**Input data:**

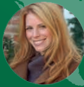
Lawyers Without Borders
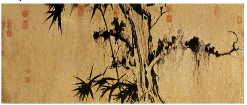
Wang Tingjun, Youzhu kucha tu (Secluded Bamboo Withered Stubbles), Liang Song huihua vol. 1 Zhoungguo meishu quanji huihua bian (Beijing: Wenwu chubanshe, 1988), p. 158.

and odd rock, the simple strokes and sparse lines that leave large space for the qi to circulate, as well as the vivid and bold outlines that reveal a spontaneous and free spirit.

**Task to complete:** Respond with an exact reproduction of the lines running from the one that contains "Wang Tingjun, Youzhu" through the end of the material.

**Task solution:**
Wang Tingjun, Youzhu kucha tu (Secluded Bamboo Withered Stubbles), Liang Song huihua vol. 1 Zhoungguo meishu quanji huihua bian (Beijing: Wenwu chubanshe, 1988), p. 158.

and odd rock, the simple strokes and sparse lines that leave large space for the qi to circulate, as well as the vivid and bold outlines that reveal a spontaneous and free spirit.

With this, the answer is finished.